Saturday, February 9, 2013

How to Tie Your Karate Belt

Learning to tie your karate belt can be the first real martial arts challenge you face. As an instructor, I cannot count the number of students that come to class with their belt untied, or tied incorrectly. So here please find a quick 16-step video that I'm sure will answer all your questions.

Did that help? No? My grandson seemed to be doing OK until the end.

Let's break it down. Below please find a seven-step guide to tieing your karate belt. First, there are two caveats:
  • Not all Martial Arts programs use the exact same technique for belt tieing. What is shown here is for Tang Soo Do, and specifically the International Tang Soo Do Federation.
  • Lastly, Black Belts actually use a slightly different set of movements to tie their belt. You will note in Step 3 below, that the belt crisscrosses in the back.  Black Belts use a technique that eliminates this so that the belt lies flat across your back. Even if you figure out the Black Belt method, you should not use it until you are a Black Belt.
Step #1: Find the center of your belt by bending it in half such that the two ends are exactly the same length.

Step #2: Place the middle of the belt on your belly button and wrap the two ends around your back.

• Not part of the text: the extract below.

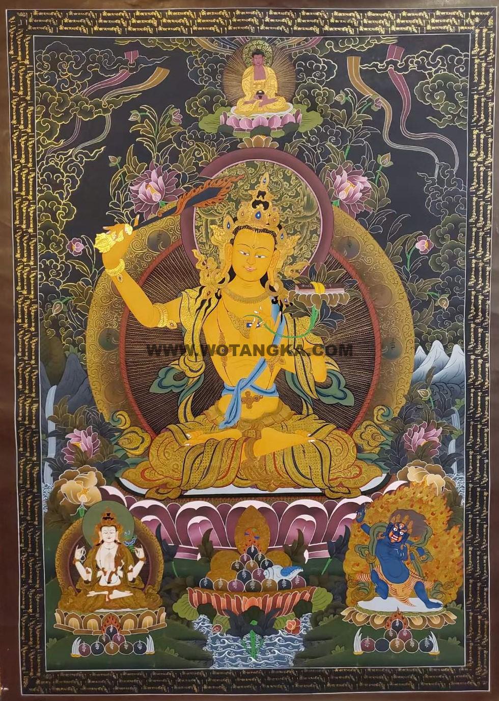 尼泊尔知名唐卡画师作品,纯手绘布本唐卡【文殊菩萨·三怙主】,作品采用24K真金金粉混合天然颜料纯手绘而成。作品主尊宝相传神。布图干净精美、画工非常的细腻,严格的遵照佛经的度量仪轨如法绘制,期待有缘人。

Step #3: Continue wrapping the end around your back and bring them around in front.  The image shown here is from the back, for clarity.

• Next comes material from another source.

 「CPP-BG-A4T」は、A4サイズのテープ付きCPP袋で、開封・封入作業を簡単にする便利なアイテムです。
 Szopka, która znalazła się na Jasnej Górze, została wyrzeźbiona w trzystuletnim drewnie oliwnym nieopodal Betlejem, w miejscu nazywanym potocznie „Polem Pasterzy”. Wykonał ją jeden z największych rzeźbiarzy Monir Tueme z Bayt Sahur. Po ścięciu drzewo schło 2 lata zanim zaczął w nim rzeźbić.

Step #4: The end of the belt in your right hand is crossed over in front of the left strap.

Step #5: The end of the belt in your left hand is looped underneath both straps and pulled up behind as shown here.

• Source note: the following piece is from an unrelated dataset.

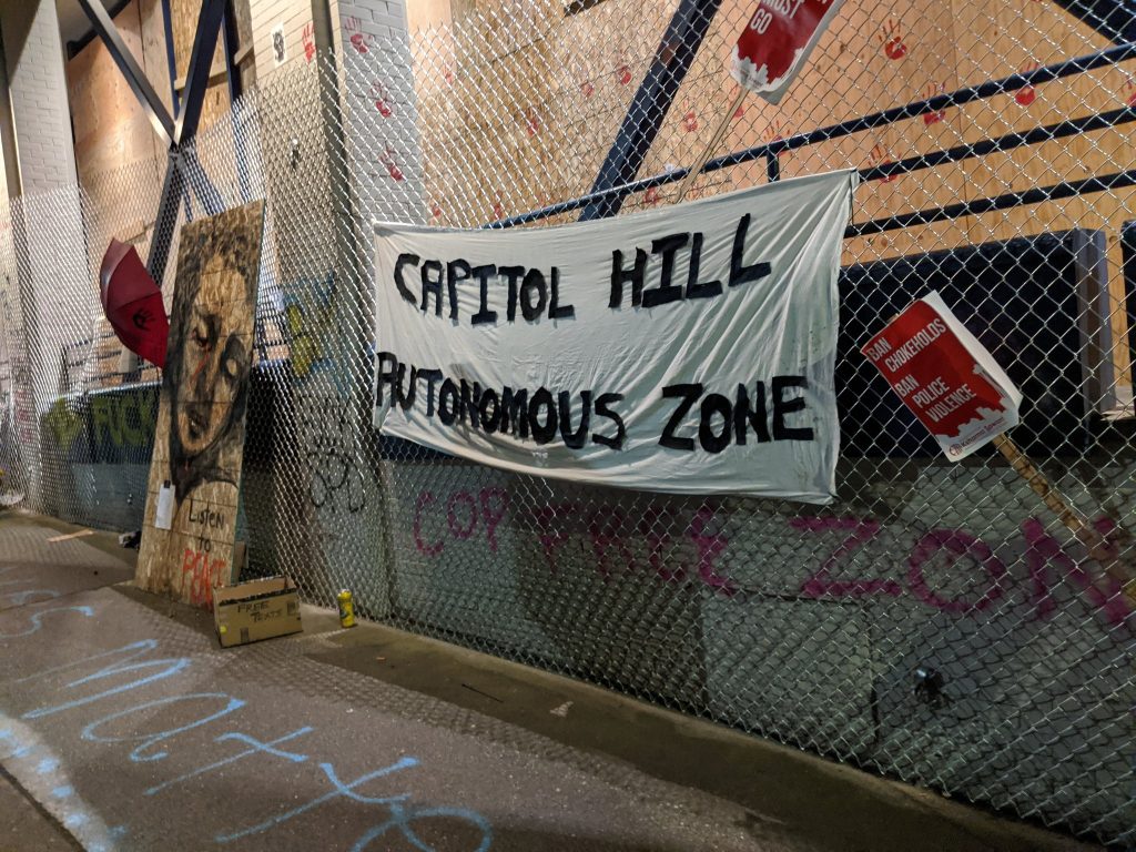 Восточный участок Департамента полиции Сиэтла захвачен протестующими. Кроме того, он заняли шесть городских кварталов, объявленных Автономной зоной Капитолийского холма (CHAZ), объявив эту территорию свободной от полиции, Национальной гвардии и других официальных формирований.

Step #6: The end you just looped underneath and pulled up is now moved downward and to the left (from your perspective - it is shown moving to the right in the image below). Additionally, the end of the belt that is in your right hand is tucked inside the strap you just moved downward and to the right. Study the last two images carefully as this is the step most students mess up.

Step #7: The belt is essentially tied, just pull the respective ends outward to tighten it up.

I hope these instructions help.  I asked my wife to model the procedure as she is not a martial artist, so she would have no advantage in following the instructions. She did great, and I think you will too.

Here are a few etiquette rules related to your belt in class. If your belt falls off in class (kudos, by the way for working so hard) and it falls to the floor and is not an obstacle to you or others - leave it there, until the exercise or drill is over.

If you have to retie your belt in class, turn around (away) from the others. Tieing a belt is like getting dressed, or zipping your zipper. Turn around, tie your belt, then turn back forward. This is one of the few self-directed actions you can take without asking permission.

Lastly, your belt should only be worn in class. If you choose to wear your uniform to class (rather than getting dressed at the Do Jang), you should leave your belt off until you arrive. After arriving, you should use proper etiquette when putting it on.